Liz is my mother. She has been making this cake for decades and it just never fails to be spectacular. So spectacular in fact, when she makes one, she has to make a second because my father can’t take the smell of this cake baking without actually having a piece himself. She makes one to give away, as planned, and one to keep due to my father’s repetitive plea. The aroma is ridiculous – cinnamon, brown sugar, roasting walnuts, ooey buttery cake…

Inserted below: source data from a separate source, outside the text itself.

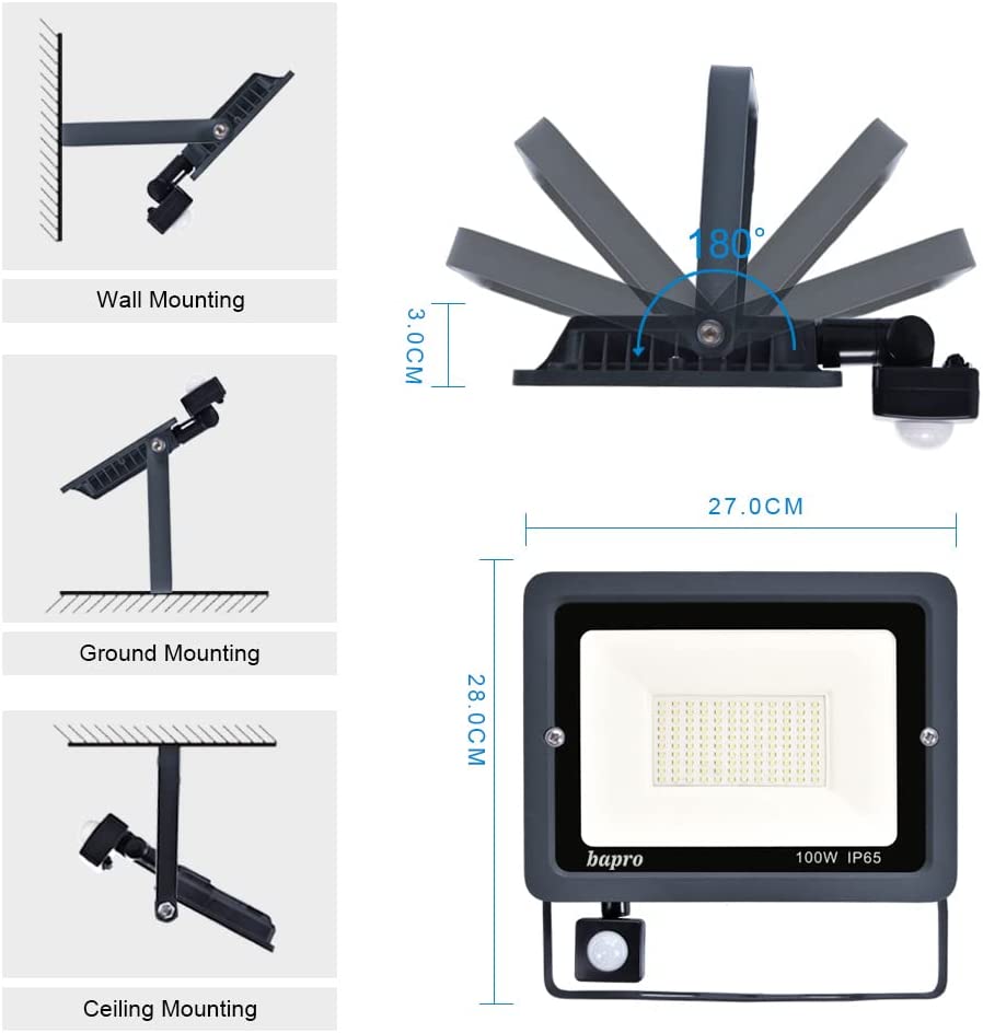 • Детекторът има регулируем ъгъл от 360 ° хоризонтално и 180 ° вертикално. Може да се регулира с металния държач на 180°, LED външният прожектор може да се монтира безопасно навсякъде.
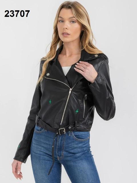 CHAMARRA NEGRA VINIL ESTAMPADO
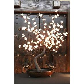 Luzes florais da Hi-Line Gift Ltd Árvore de bonsai branca iluminada com 128 lâmpadas, 30 polegadas
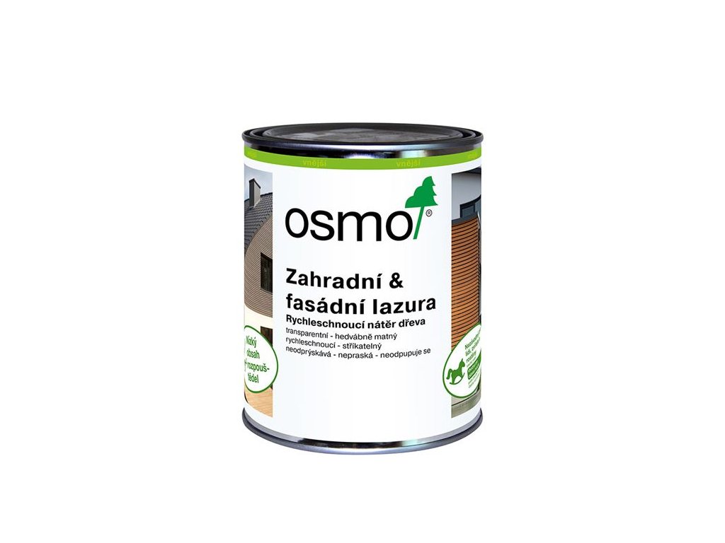Extrémně odolná barva vůči povětrnostním podmínkám a UV – záření. Transparentně barevný, hedvábně matný nátěr do exteriéru. Uschlý nátěr je nezávadný pro lidi, zvířata a rostliny (odolný vůči slinám a potu podle DIN 53160, vhodný pro dětské hračky podle EN 71.3). Rychleschnoucí nátěr dřeva. Osmo Zahradní and fasádní lazura je vhodná pro ošetření jakéhokoliv dřeva ve venkovním prostředí: dřevěných fasád, balkónů, dřevěných okenic, plotů, zahradních domků, pergol, zahradního nábytku, parkovacích přístřešků apod. Počet nátěrů: u dřeva bez povrchové úpravy dva nátěry. S Osmo plochým štětcem, Osmo válečkem z mikrovlákna nebo Rounem na olejové nátěry. Nanášejte rychle, v tenké vrstvě a ve směru vláken dřeva. Popřípadě naneste nástřikem. Ponechte schnout při dobrém větrání po dobu 3–4 hodiny. Poté zaschnutý povrch přebruste a proveďte druhý nátěr v tenké vrstvě. Při renovacích postačí zpravidla jeden nátěr. 1 l výrobku vystačí při jednom nátěru na cca 16 m2. Vydatnost závisí do značné míry na stavu dřeva. Uvedené hodnoty se vztahují na hladké hoblované/broušené dřevěné povrchy, u ostatních povrchů se může vydatnost odlišovat.

…I think I blacked out for a moment.
I said in a previous post there are ingredients in recipes we cannot taste, but make a dish amazing instead of simply good. Sour cream is the secret here, even though its in the title so I guess it cannot be considered secret. However, if you were to give this cake to someone and ask them what they think is in it, sour cream would most likely not be on their list. The sour cream adds moistness and richness, not flavor to the batter and may also be what causes one to eat slice after slice, crumb after crumb until they are using their fingers to pick up pieces of leftover cake on the platter. It happens.
There is a trick to the cinnamon swirl; thickly pile it making it a true layer. The slices look pretty and you are left with a cakey, cinnamon crunchy, chewy raisin taste-layering effect.
Liz’s Sour Cream Coffee Cake
Ingredients:
- 3/4 cup light brown sugar, firmly packed
- 1 cup chopped walnuts
- 1/2 cup raisins, chopped
- 2 teaspoons cinnamon
- 3 cups all-purpose flour
- 1 1/2 teaspoons baking soda
- 1/2 teaspoon salt
- 3/4 cup unsalted butter at room temperature
- 1 1/2 cups sugar
- 3 eggs at room temperature
- 1 pint sour cream (2 cups)
How To:
Combine brown sugar, chopped nuts, raisins, and cinnamon. Set mixture aside. Sife together flour, baking soda, and salt.
Cream butter and sugar. Beat in eggs, one at a time. Stir flour mixture into butter mixture alternately with sour cream. Stir until smooth after each addition. Pour 1/3 of batter into greased 10 inch tube pan. Sprinkly with 1/3 of nut mixture. Repeat two more times. When sprinkling last bit on top, try not to add many raisins as they tend to burn (leave them more for the middle layers).
Bake for 1 hour and 15 minutes, but test after 1 hour with a cake tester to see if done. Cool in pan on rack for 30 minutes or more. Serve with coffee…or not.